This package is designed to support entomological research by automating the laborious task of beetle identification, enabling high-throughput data analysis for ecological studies, pest management, and biodiversity monitoring.

### Motivation

The ability to accurately detect and identify bark and ambrosia beetles is critical for forest health and pest management. However, traditional methods face significant challenges:

* **They are slow and time-consuming.**
* **They require highly specialized expertise.**
* **They create a bottleneck for large-scale research.**

The IBBI package provides a powerful, modern solution to overcome these obstacles by making available pre-trained, open-source models to automate detection and classification from images, lowering the barrier to entry for researchers. The IBBI package also makes other advanced techniques available to the user such as general zero-shot detection, general feature extraction, model evaluation, and model explainability.

### Key Features

* **Model Access:**
<br>Access powerful models with a single function call `ibbi.create_model()`. The following types of models are available:

  * **Single-Class Bark Beetle Detection:** Detect the presence of *any* bark beetle in an image.
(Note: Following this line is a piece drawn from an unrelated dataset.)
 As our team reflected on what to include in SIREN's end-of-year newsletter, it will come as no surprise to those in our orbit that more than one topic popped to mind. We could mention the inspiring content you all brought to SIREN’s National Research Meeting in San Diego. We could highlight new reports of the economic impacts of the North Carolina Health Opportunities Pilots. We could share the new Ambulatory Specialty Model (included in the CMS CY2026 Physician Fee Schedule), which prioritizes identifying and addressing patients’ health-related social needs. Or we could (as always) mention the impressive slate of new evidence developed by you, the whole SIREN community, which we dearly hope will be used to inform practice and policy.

These models have been trained with the task of single-class object detection on Bark and ambrosia beetle specific data. These models do not classify the species of beetle, only its presence and location in an image.

  * **Multi-Class Species Detection:** Identify the species of a beetle from an image. These models have been trained with the task of multi-class object detection on Bark and ambrosia beetle specific data. These models classify the species of beetle, as well as its presence and location in an image.

  * **General Zero-Shot Detection:** Detect objects using a text prompt (e.g., "insect"), without prior training on bark and ambrosia beetle specific data (e.g., GroundingDINO, YoloWorld). These models have been trained on large, diverse datasets and can generalize to detect a wide range of objects based on textual descriptions.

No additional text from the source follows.